DETAILED DESCRIPTION OF THE INVENTION
[0034] According to the invention, an implant that supplements or
replaces the nucleus pulposus of an intervertebral disc is
implanted by a transosseous approach through an adjacent
vertebra.
[0035] In a preferred mode the method of the invention includes the
steps of: [0036] 1) forming a channel through a vertebral body
adjacent to the intervertebral disc, the channel extending from an
exterior surface of the vertebral body to the central core of the
annulus fibrosus; [0037] 2) introducing an amount of a
biocompatible material through the channel into the central core of
the annulus fibrosus; [0038] 3) pressurizing the biocompatible
material through the channel to a physiologic pressure sufficient
to alleviate symptoms caused by the degenerated nucleus pulposus;
and [0039] 4) sealing the channel while maintaining the
pressure.
[0040] In a preferred embodiment of the invention, a relatively
soft, low-modulus implant (i.e., having a low unconstrained
compression modulus) is inserted and pressurized by a transosseous
approach through an adjacent vertebra. The invention will be
described below in terms of such a preferred embodiment; the
skilled practitioner will recognize that the transosseous approach
of the invention may be utilized to insert any appropriate
prosthesis for a nucleus pulposus.
[0041] According to a preferred embodiment of the invention, in a
first step, a channel is formed through a vertebra adjacent, i.e.,
immediately superior or inferior, to the intervertebral disc into
which an implant is to be inserted.
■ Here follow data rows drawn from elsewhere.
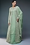 Nakul Sen features a mesmerizing Porcelain Blue Jacket Set that captivates with its elegance. The eye-catching jacket is crafted in silk chiffon. It is paired with an inner, a silk crinkled skirt, a can-can and a dupatta. Accessorize the designer jacket set with statement earrings and heels for weddings, sangeet or engagement ceremonies.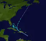 Early on August 27, a ship encountered the first tropical storm of the season, while located about 1,160 mi (1,865 km) east of the southernmost islands of Cape Verde. It slowly strengthened while moving steadily west-northwestward and entered the northeastern Caribbean on August 30. The storm moved south of Puerto Rico and made landfall in Dominican Republic as a weak tropical storm on September 2. It weakened slightly while crossing Hispaniola, before re-emerging into the Caribbean Sea later that day. On September 3, the cyclone struck modern day Santiago de Cuba Province and then slowly drifted along the southern coast of Cuba. Upon reaching the Gulf of Mexico on September 6, the storm strengthened into a hurricane, while situated near Dry Tortugas.[4]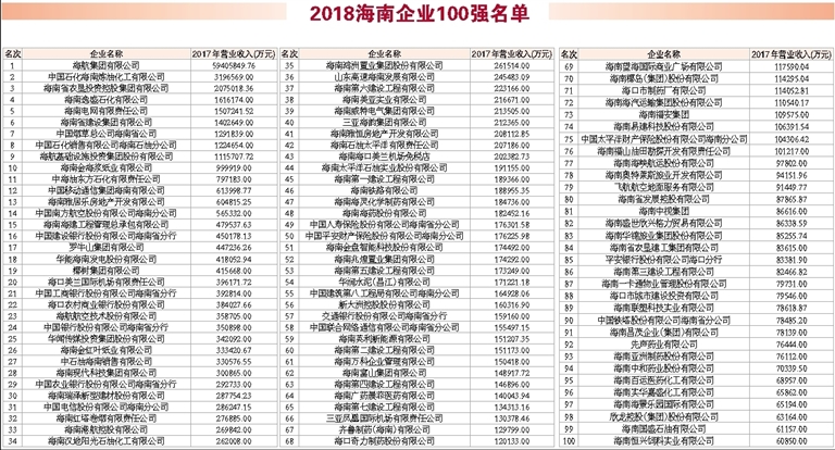 为推动海南省大企业进一步提高效益水平,打造优势企业,充分发挥其示范引领作用,培育发展更多拥有自主知识产权和知名品牌的骨干企业。海南省企业联合会、海南省企业家协会在省政府有关主管部门的大力支持下,经相关部门推荐,在海南省企业自愿申报的基础上,参照国际上通行的做法,以2017年企业营业收入为入围标准,排序出2018海南省企业100强,现将名单予以公示。公示无异议将进行表彰。公示期:2018年9月19日至9月25日,电话:(0898)66569335传真:(0898)66569396。 海南省企业联合会 海南省企业家协会 二○一八年九月十九日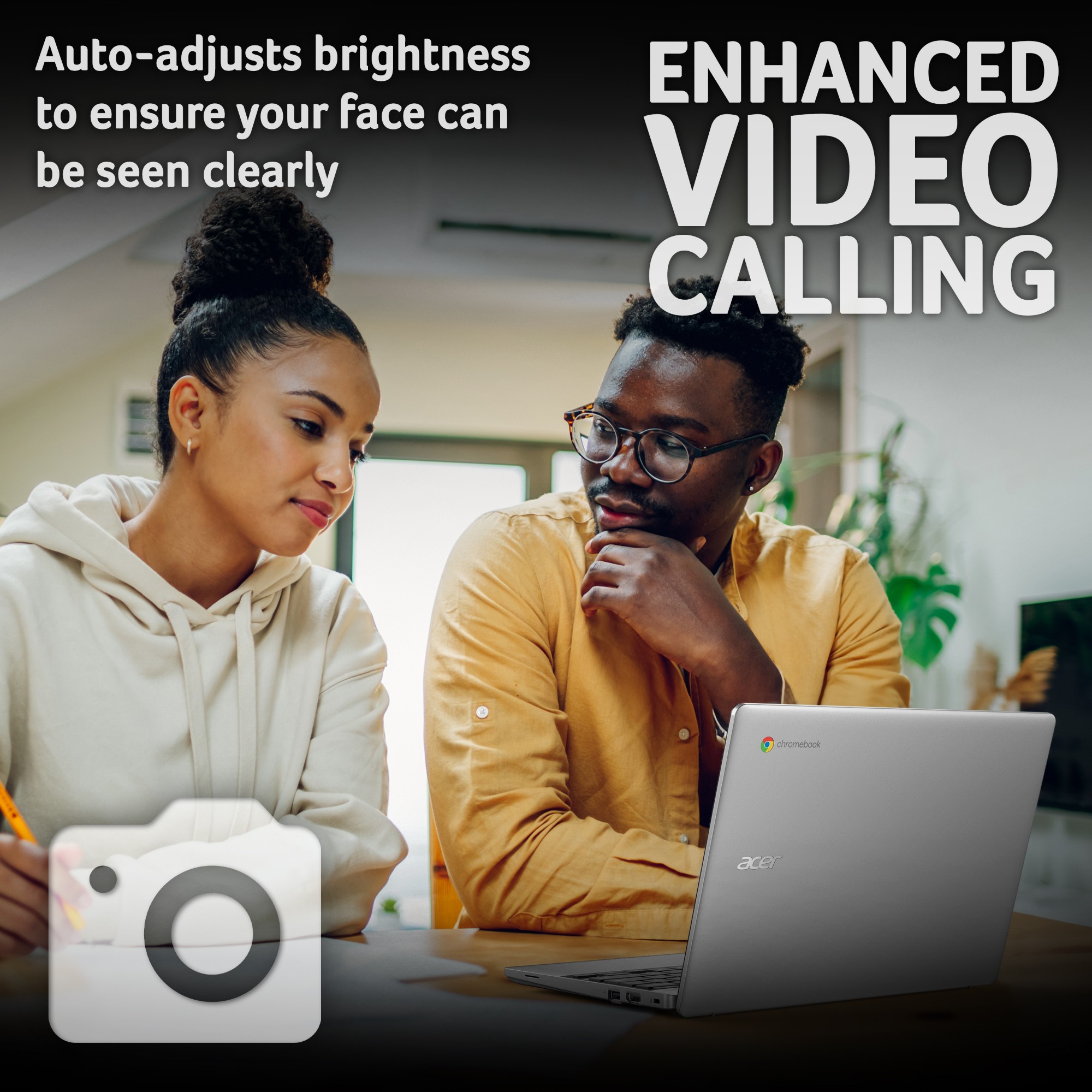 Enhance your video presence with the HD HDR webcam, featuring a camera shutter for protecting your privacy. With Acer TNR solution and Facial Auto-exposure technologies, redefine your video calling experience.

The transvertebral channel may
be made by any conventional surgical technique for drilling through
a bony structure such as a vertebra.
[0042] After the channel has been drilled, the surgical site is
prepared, if necessary, by removing a portion or all of the natural
nucleus pulposus. Such removal may be accomplished by conventional
surgical techniques. Thereafter, an amount of a biocompatible
material, preferably a relatively low-modulus material, is inserted
through the transvertebral channel sufficient to fill the central
core of the intervertebral disc and provide the necessary disc
height and intervertebral disc pressure required to at least
approximate the function of the natural intervertebral disc.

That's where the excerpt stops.